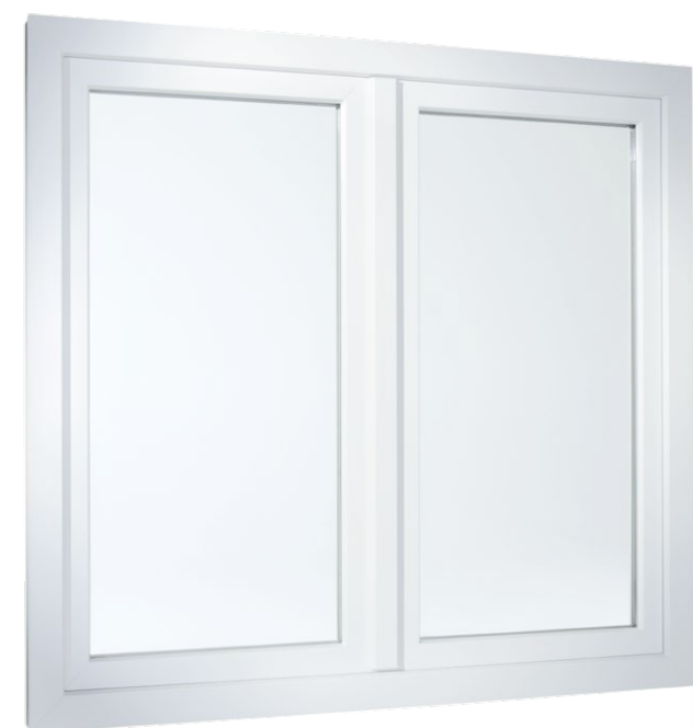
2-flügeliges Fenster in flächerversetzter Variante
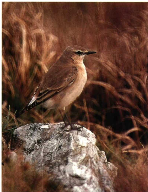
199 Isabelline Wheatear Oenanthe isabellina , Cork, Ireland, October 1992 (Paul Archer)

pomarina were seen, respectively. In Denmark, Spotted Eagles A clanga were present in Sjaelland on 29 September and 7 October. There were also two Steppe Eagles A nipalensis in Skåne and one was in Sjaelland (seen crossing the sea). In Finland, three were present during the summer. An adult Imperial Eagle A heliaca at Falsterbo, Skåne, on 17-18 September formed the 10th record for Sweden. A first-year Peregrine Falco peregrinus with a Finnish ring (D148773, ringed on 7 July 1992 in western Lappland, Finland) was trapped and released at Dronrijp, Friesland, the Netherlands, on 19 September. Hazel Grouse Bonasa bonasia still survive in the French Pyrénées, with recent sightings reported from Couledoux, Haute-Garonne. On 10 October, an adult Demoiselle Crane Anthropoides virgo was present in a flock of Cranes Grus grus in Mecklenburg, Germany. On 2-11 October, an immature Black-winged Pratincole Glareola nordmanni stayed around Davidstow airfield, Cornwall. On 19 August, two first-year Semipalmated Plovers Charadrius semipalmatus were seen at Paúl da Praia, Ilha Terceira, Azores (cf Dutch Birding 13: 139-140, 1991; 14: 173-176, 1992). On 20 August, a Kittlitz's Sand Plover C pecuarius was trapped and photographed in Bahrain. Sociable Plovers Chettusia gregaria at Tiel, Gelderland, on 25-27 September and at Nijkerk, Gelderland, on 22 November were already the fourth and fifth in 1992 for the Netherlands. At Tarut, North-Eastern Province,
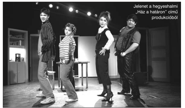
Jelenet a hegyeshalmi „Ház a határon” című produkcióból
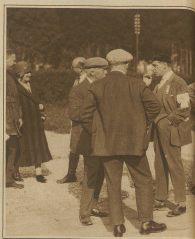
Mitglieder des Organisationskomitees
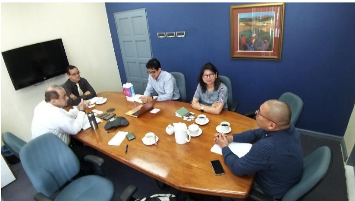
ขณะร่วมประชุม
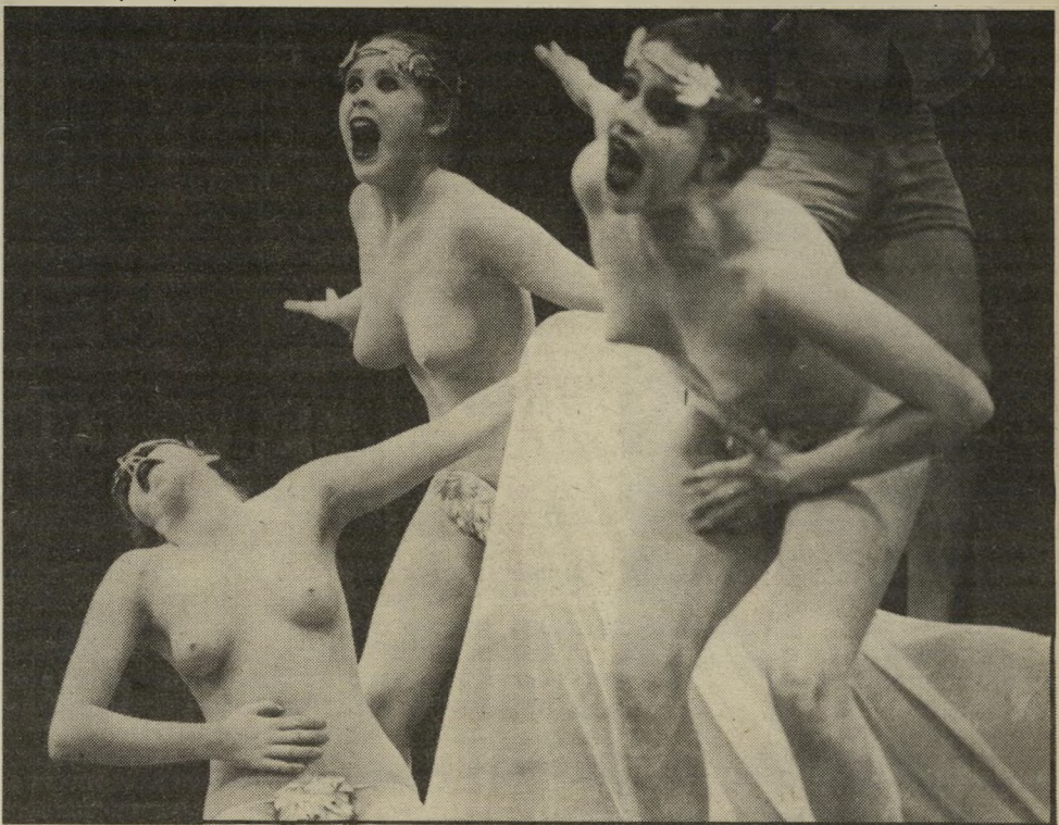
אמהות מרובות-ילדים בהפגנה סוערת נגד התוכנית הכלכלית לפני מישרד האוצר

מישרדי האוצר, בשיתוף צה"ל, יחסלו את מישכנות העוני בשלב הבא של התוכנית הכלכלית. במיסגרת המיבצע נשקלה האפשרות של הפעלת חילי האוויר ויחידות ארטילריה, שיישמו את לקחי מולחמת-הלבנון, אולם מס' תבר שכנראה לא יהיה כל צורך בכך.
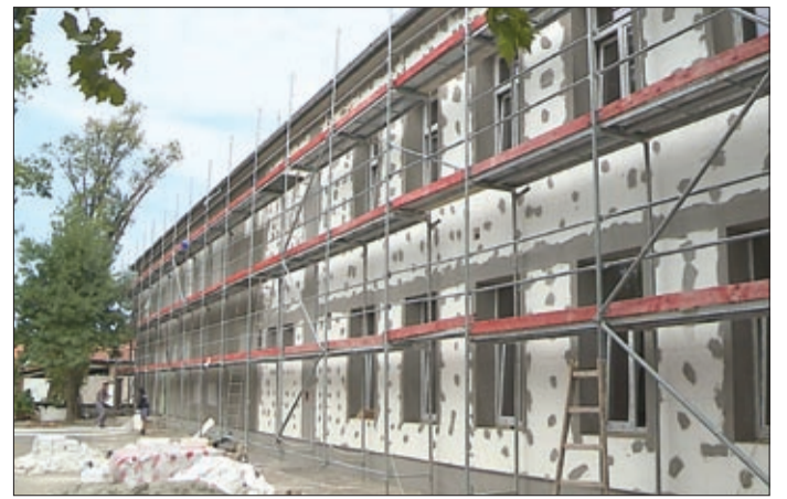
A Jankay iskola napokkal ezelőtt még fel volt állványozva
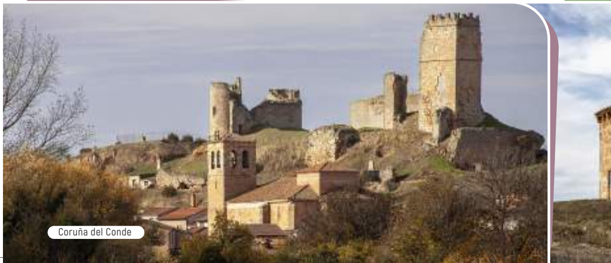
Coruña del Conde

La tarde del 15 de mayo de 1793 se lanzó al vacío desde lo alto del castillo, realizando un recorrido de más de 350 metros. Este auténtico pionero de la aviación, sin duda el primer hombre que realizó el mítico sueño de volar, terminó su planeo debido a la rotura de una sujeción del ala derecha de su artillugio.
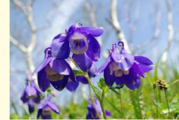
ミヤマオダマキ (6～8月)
• • • • •
The result should be a transcript of the lines from the line containing "Mitglieder des Organisationskomitees" through the end of the listing above, exact, inclusive, and without pictures.

* Solution for this exercise:
Mitglieder des Organisationskomitees
ขณะร่วมประชุม
אמהות מרובות-ילדים בהפגנה סוערת נגד התוכנית הכלכלית לפני מישרד האוצר

מישרדי האוצר, בשיתוף צה"ל, יחסלו את מישכנות העוני בשלב הבא של התוכנית הכלכלית. במיסגרת המיבצע נשקלה האפשרות של הפעלת חילי האוויר ויחידות ארטילריה, שיישמו את לקחי מולחמת-הלבנון, אולם מס' תבר שכנראה לא יהיה כל צורך בכך.
A Jankay iskola napokkal ezelőtt még fel volt állványozva
Coruña del Conde

La tarde del 15 de mayo de 1793 se lanzó al vacío desde lo alto del castillo, realizando un recorrido de más de 350 metros. Este auténtico pionero de la aviación, sin duda el primer hombre que realizó el mítico sueño de volar, terminó su planeo debido a la rotura de una sujeción del ala derecha de su artillugio.
ミヤマオダマキ (6～8月)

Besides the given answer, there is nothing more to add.